What you need to do - Retype the material that follows exactly, limited to the lines from the one with "FLAT METAL BAR PEARL DANGLE EARRING" through the one with "Rosal de liebre, salsa", and keep out all pictures.

Data -

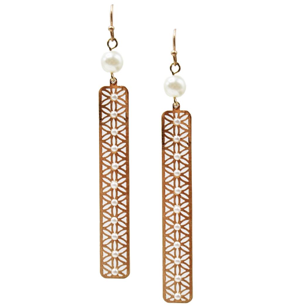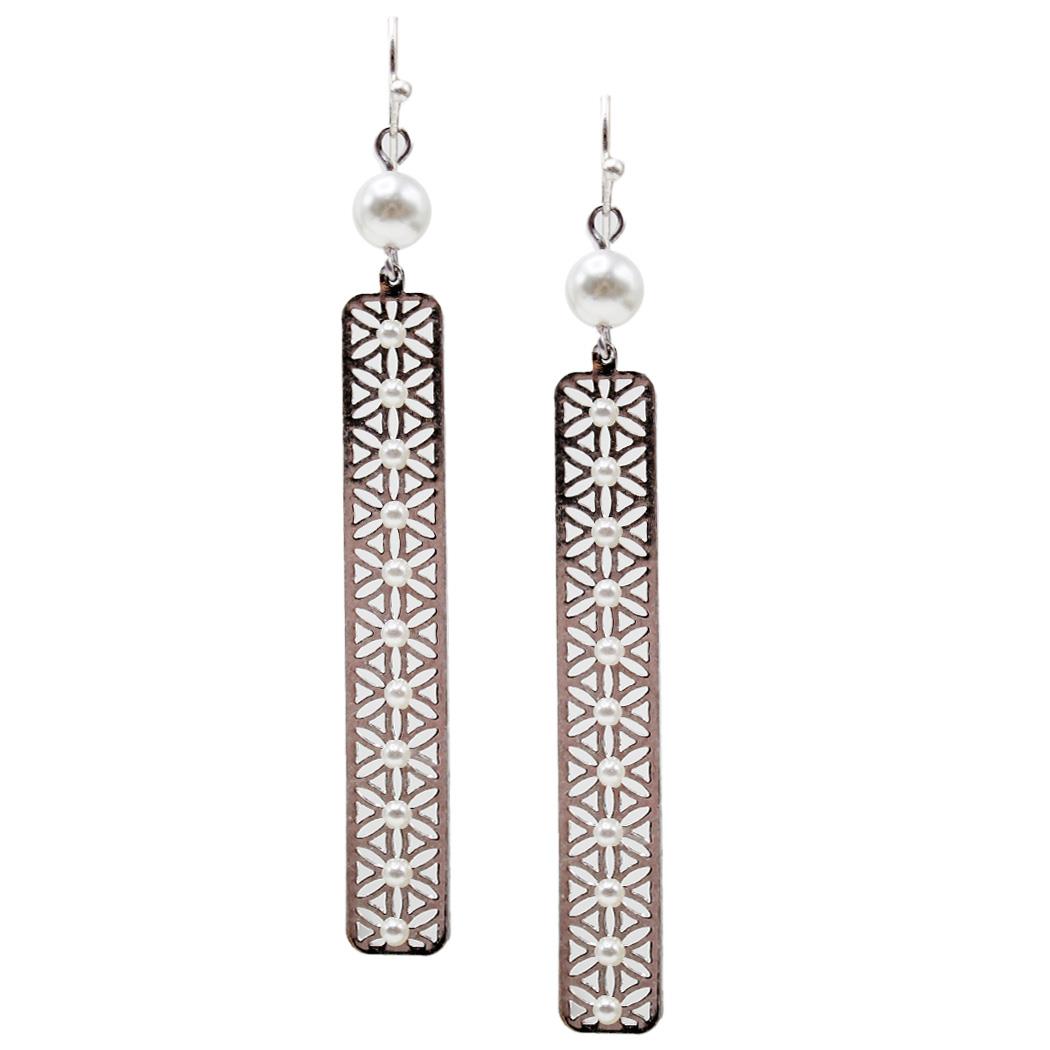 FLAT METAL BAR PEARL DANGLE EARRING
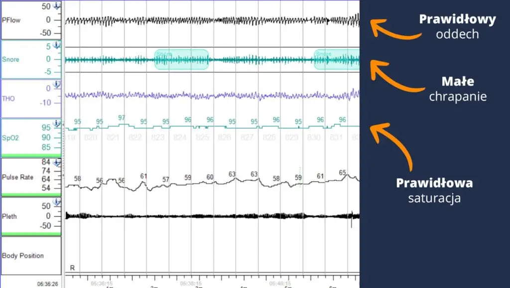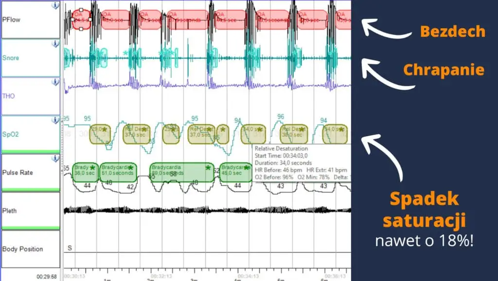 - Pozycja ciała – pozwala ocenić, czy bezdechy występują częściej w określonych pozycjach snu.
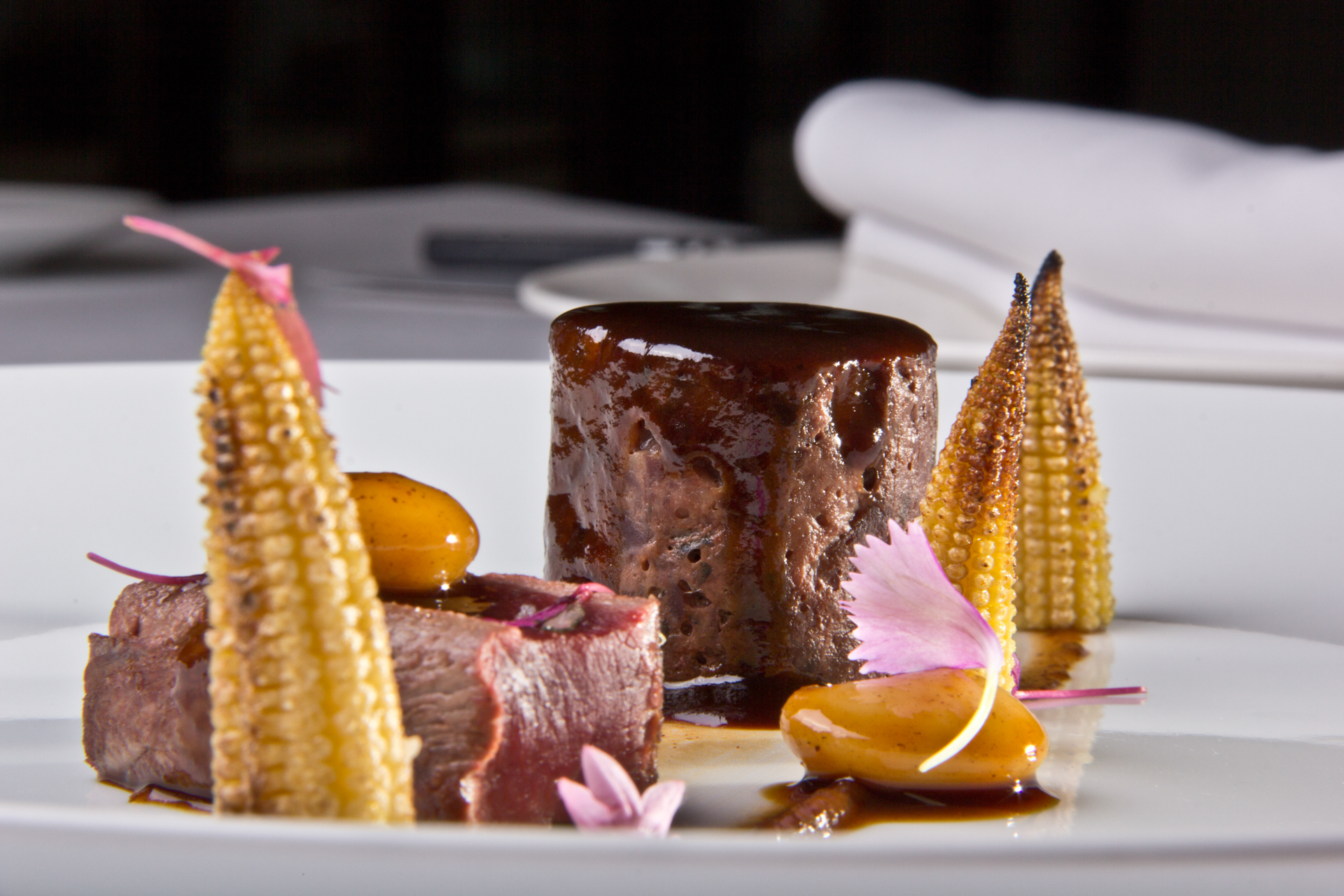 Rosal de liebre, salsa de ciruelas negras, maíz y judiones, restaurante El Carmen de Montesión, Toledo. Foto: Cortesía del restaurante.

---

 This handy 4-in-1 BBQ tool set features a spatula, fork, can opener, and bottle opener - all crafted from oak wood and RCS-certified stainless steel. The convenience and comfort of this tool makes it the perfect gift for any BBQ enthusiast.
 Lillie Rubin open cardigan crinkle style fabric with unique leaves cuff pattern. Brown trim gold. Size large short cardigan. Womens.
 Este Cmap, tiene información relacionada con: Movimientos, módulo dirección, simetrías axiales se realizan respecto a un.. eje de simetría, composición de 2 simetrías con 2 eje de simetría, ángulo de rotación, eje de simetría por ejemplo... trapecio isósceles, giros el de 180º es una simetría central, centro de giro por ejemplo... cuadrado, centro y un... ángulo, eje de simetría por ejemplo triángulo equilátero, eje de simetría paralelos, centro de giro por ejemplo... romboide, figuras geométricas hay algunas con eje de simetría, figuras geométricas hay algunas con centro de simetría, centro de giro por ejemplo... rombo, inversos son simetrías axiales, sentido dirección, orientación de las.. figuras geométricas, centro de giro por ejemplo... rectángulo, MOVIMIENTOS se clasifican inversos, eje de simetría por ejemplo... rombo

Solution to this task -
 FLAT METAL BAR PEARL DANGLE EARRING
 - Pozycja ciała – pozwala ocenić, czy bezdechy występują częściej w określonych pozycjach snu.
 Rosal de liebre, salsa de ciruelas negras, maíz y judiones, restaurante El Carmen de Montesión, Toledo. Foto: Cortesía del restaurante.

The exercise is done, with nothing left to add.